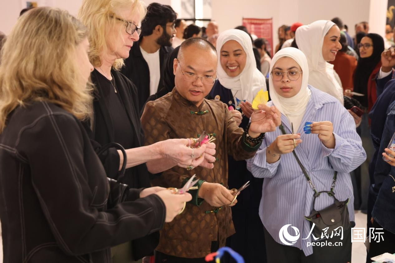 觀眾向中國師傅學(xué)習(xí)剪紙。人民網(wǎng)記者 張志文攝
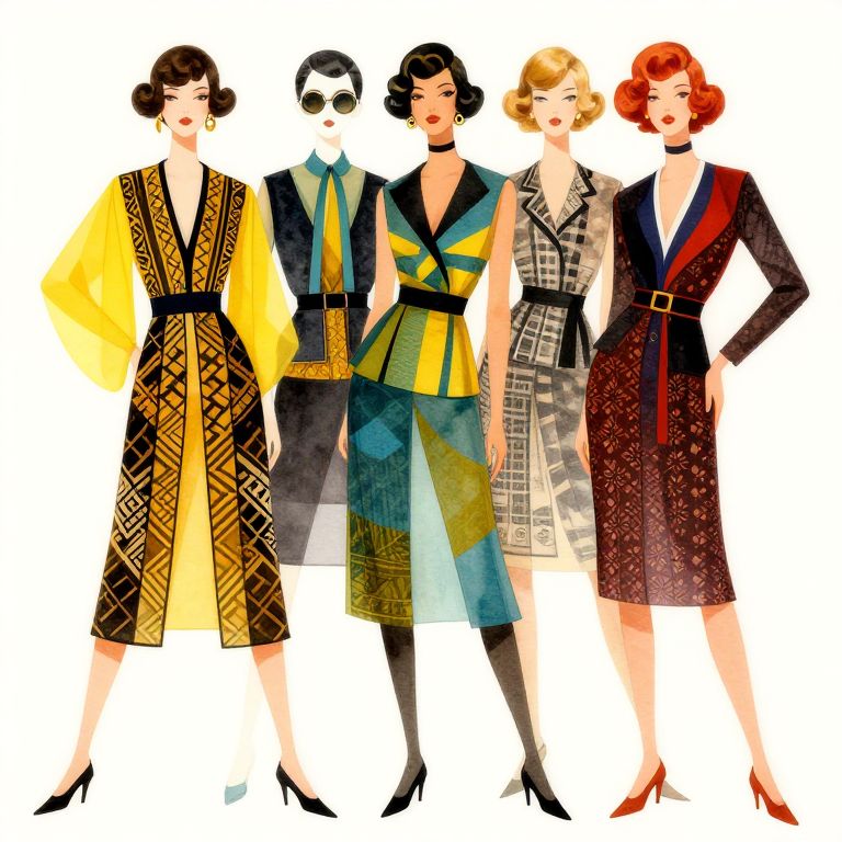 Vintage-style illustration of five stylish women in 1930s-inspired clothing, featuring bold patterns, bright colors, and high heels, standing together.
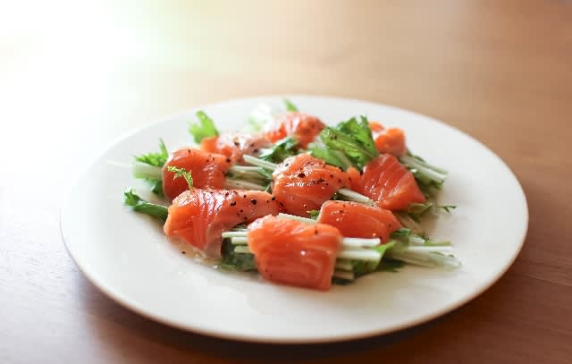 水菜のスモークサーモン巻きサラダ
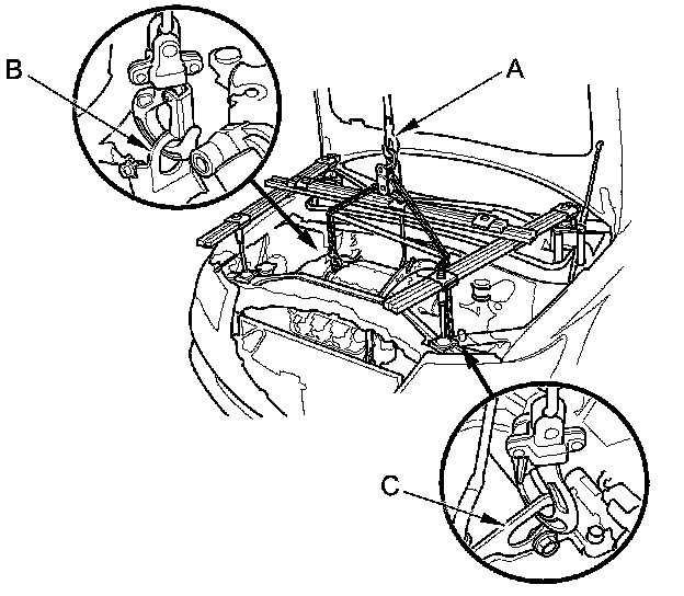 63. Attach a chain hoist (A) to the engine hanger (B) and the transmission hanger (C), then lift the engine/transmission until it is securely supported by the chain hoist, and remove the engine support hanger, the engine hanger balance bar, and the hanger adapter set.
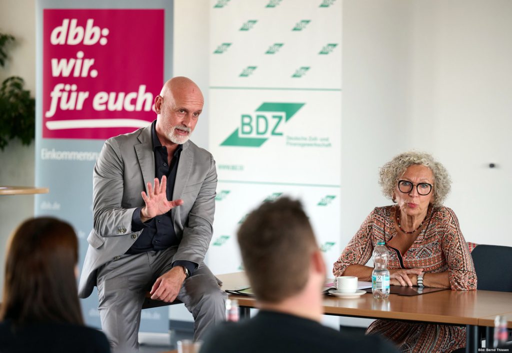 Den Dortmunder Branchentag, der im Rahmen einer aktiven Mittagspause beim HZA Dortmund stattgefunden hat, eröffnete Volker Geyer, dbb Fachvorstand Tarifpolitik und stellv. dbb Bundesvorsitzender gemeinsam mit Stefan Walter, Vorsitzender des BDZ Westfalen und des örtlichen Personalrates. Adelheid Tegeler, stellv. Bundesvorsitzende des BDZ und Mitglied der dbb Bundestarifkommission war ebenfalls vor Ort und ergänzte die Runde mit den Erfahrungen aus den letzten Einkommensrunden.

- **WHAT YOU SHOULD DO**
Using the entries above, repeat exactly the lines from the one with "Vintage-style illustration of" to the one with "水菜のスモークサーモン巻きサラダ", both included, and leave the pictures behind.

- **ANSWER SPACE**
 Vintage-style illustration of five stylish women in 1930s-inspired clothing, featuring bold patterns, bright colors, and high heels, standing together.
 水菜のスモークサーモン巻きサラダ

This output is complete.